(Items from a data source)
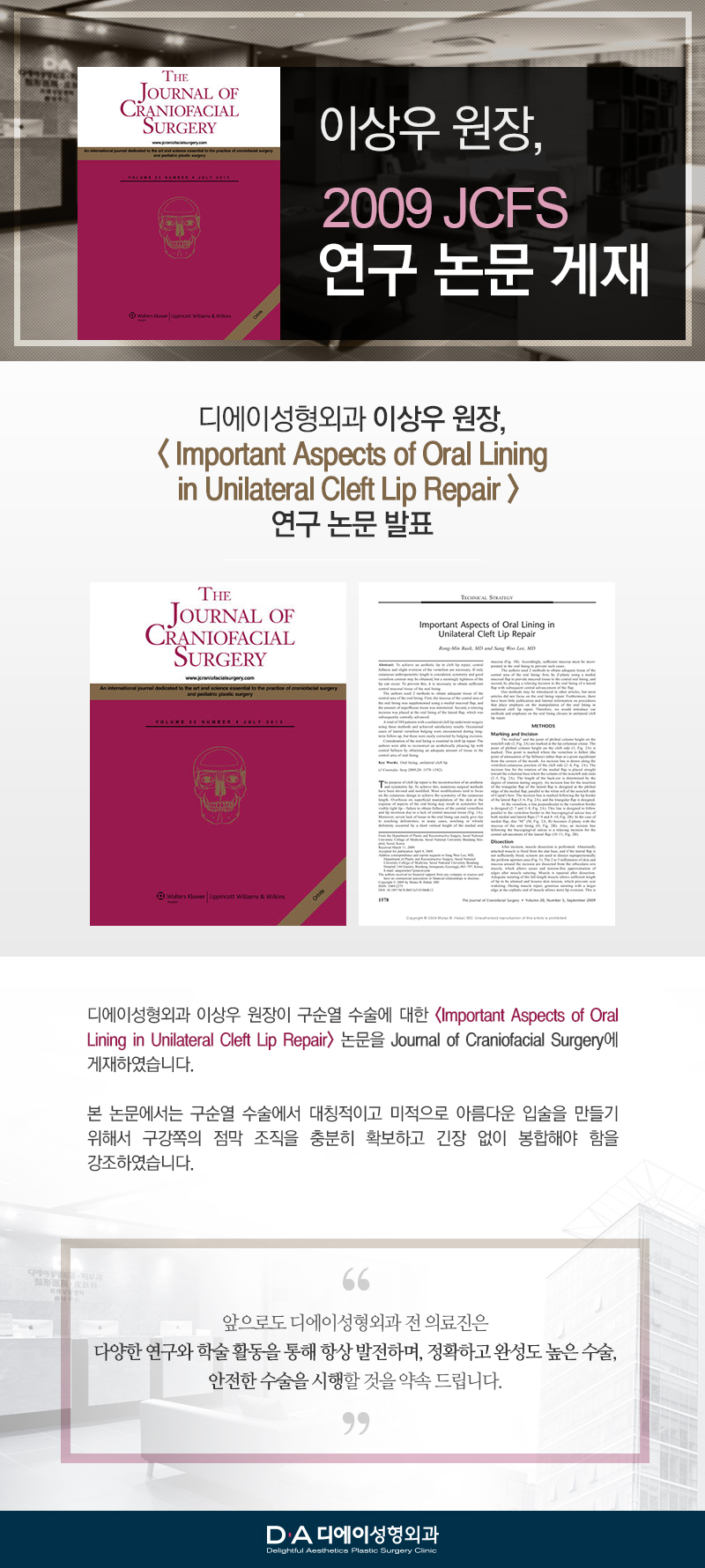[논문발표] 이상우 원장, 'Important Aspects of Oral Lining in Unilateral Cleft Lip Repair' 연구 논문 발표
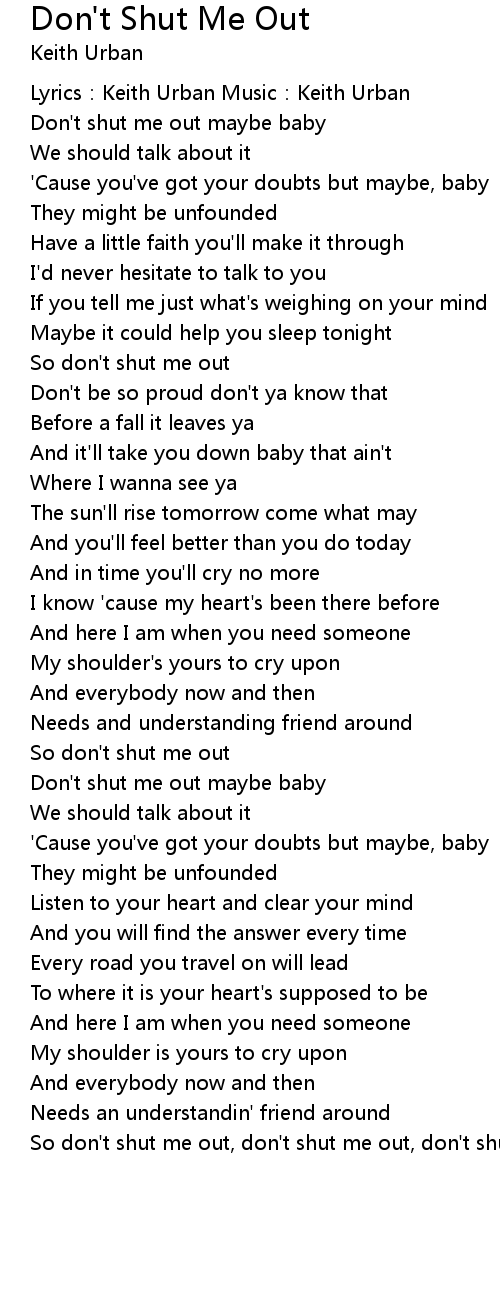 | Don' t shut me out maybe baby | |
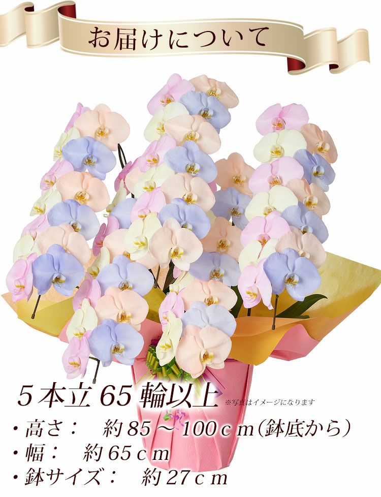 他の画像を見る 送料無料 誕生日 花言葉は「幸せが飛んでくる」 !産地直送!胡蝶蘭◎ 産地直送!リーフさんの カラー胡蝶蘭 コットンキャンディ MIYABI<大輪・5本立ち>65輪以上 当店特別価格 ¥ 77,000 税込 詳細を見る お気に入りに登録する
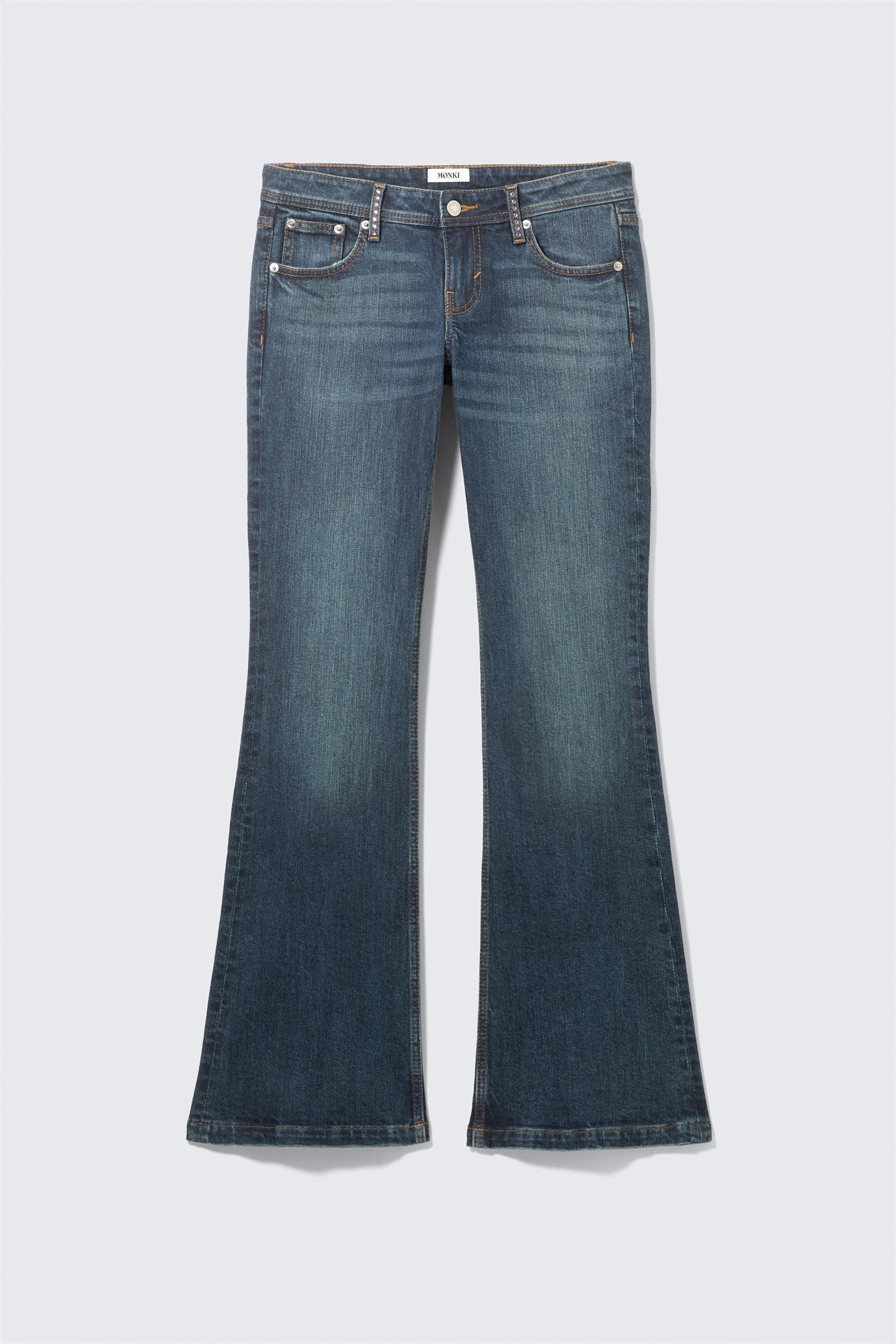 Джинсы с низкой посадкой и расклешенными штанинами, изготовленные из комфортного эластичного денима из органического хлопка с добавлением переработанного хлопка и переработанного полиэстера. Застежка на молнию, задние карманы с вышивкой и украшенные петли для ремня.
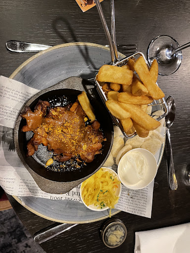 Read moreJe vraagt je af wat er moeilijk is aan het maken van een hamburger met wat friet maar in dit restaurant is dat bij mijn bezoek niet gelukt. Een saai broodje met een gebakken vleesschijf, kledderige sla in plaats van knapperig en friet die haast niet te eten was. En dat dan voor € 19,50.
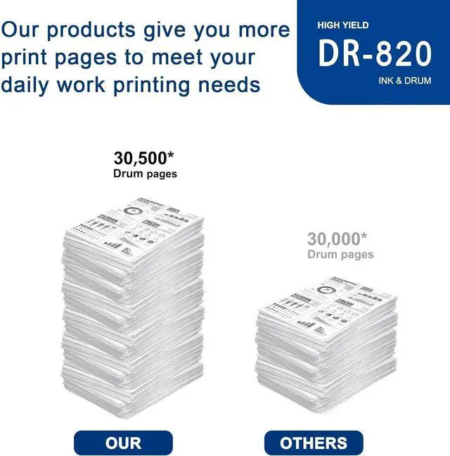 Page Yield: 30,500 pages per DR820 Black Drum Unit at 5% coverage (Letter/A4).
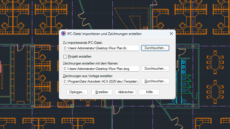 IFC-Import oder -Export: Der IFC-Importvorgang wird jetzt nach dem Erstellen der Zeichnungsdateien erfolgreich abgeschlossen.
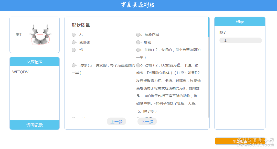 產品詳細介紹 羅夏墨跡測驗系統是依據羅夏墨跡測驗原理,由專業心理學家設計的集記錄、編碼、計算和報告于一體的系統,旨在促進提高咨詢師的工作效率,實現編碼自動化和案例集中管理的一款高效、便捷、在線系統。 瑞格羅夏墨跡測驗系統主要是有標記、編碼和報告三個部分:這三個部分是緊緊聯系在一起的,咨詢師根據被試的反應對圖卡進行標記,然后對照圖卡編碼,編碼完成后,自動生成結構化表、解釋等。此系統的主要功能是使編碼精確化、計算自動化,一方面為咨詢師節約計算時間,另一方面提供對來訪者的解釋參考。聯系電話:13552702599 |
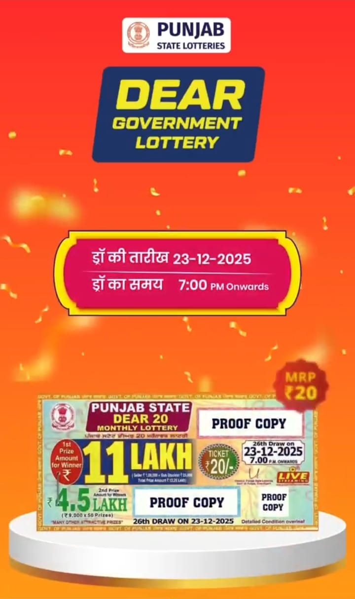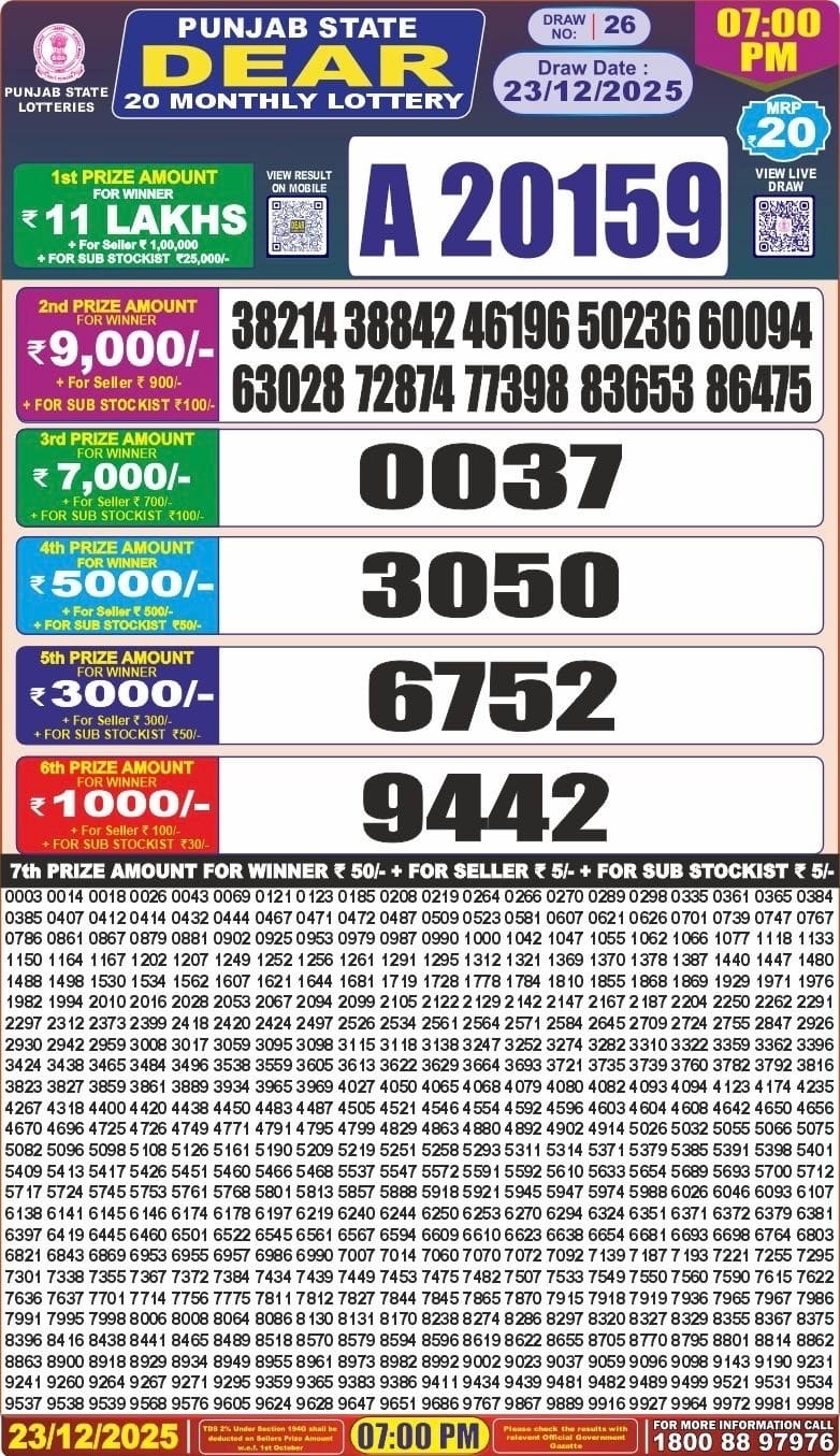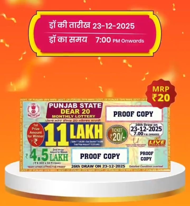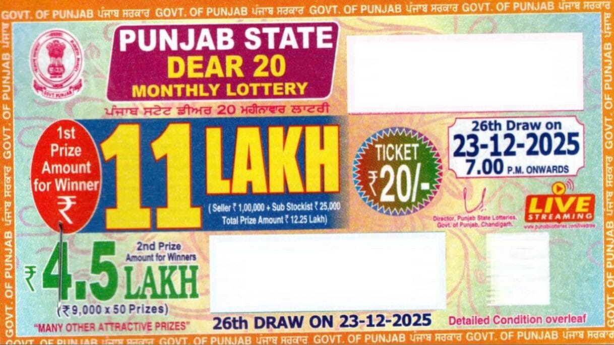 Punjab State Dear 20 Monthly Lottery 23 December 2025 At 7 PM

Task statement: The response should repeat each record precisely and contain no pictures.

Completed exercise:
[논문발표] 이상우 원장, 'Important Aspects of Oral Lining in Unilateral Cleft Lip Repair' 연구 논문 발표
 | Don' t shut me out maybe baby | |
 他の画像を見る 送料無料 誕生日 花言葉は「幸せが飛んでくる」 !産地直送!胡蝶蘭◎ 産地直送!リーフさんの カラー胡蝶蘭 コットンキャンディ MIYABI<大輪・5本立ち>65輪以上 当店特別価格 ¥ 77,000 税込 詳細を見る お気に入りに登録する
 Джинсы с низкой посадкой и расклешенными штанинами, изготовленные из комфортного эластичного денима из органического хлопка с добавлением переработанного хлопка и переработанного полиэстера. Застежка на молнию, задние карманы с вышивкой и украшенные петли для ремня.
 Read moreJe vraagt je af wat er moeilijk is aan het maken van een hamburger met wat friet maar in dit restaurant is dat bij mijn bezoek niet gelukt. Een saai broodje met een gebakken vleesschijf, kledderige sla in plaats van knapperig en friet die haast niet te eten was. En dat dan voor € 19,50.
 Page Yield: 30,500 pages per DR820 Black Drum Unit at 5% coverage (Letter/A4).
 IFC-Import oder -Export: Der IFC-Importvorgang wird jetzt nach dem Erstellen der Zeichnungsdateien erfolgreich abgeschlossen.
 產品詳細介紹 羅夏墨跡測驗系統是依據羅夏墨跡測驗原理,由專業心理學家設計的集記錄、編碼、計算和報告于一體的系統,旨在促進提高咨詢師的工作效率,實現編碼自動化和案例集中管理的一款高效、便捷、在線系統。 瑞格羅夏墨跡測驗系統主要是有標記、編碼和報告三個部分:這三個部分是緊緊聯系在一起的,咨詢師根據被試的反應對圖卡進行標記,然后對照圖卡編碼,編碼完成后,自動生成結構化表、解釋等。此系統的主要功能是使編碼精確化、計算自動化,一方面為咨詢師節約計算時間,另一方面提供對來訪者的解釋參考。聯系電話:13552702599 |
 Punjab State Dear 20 Monthly Lottery 23 December 2025 At 7 PM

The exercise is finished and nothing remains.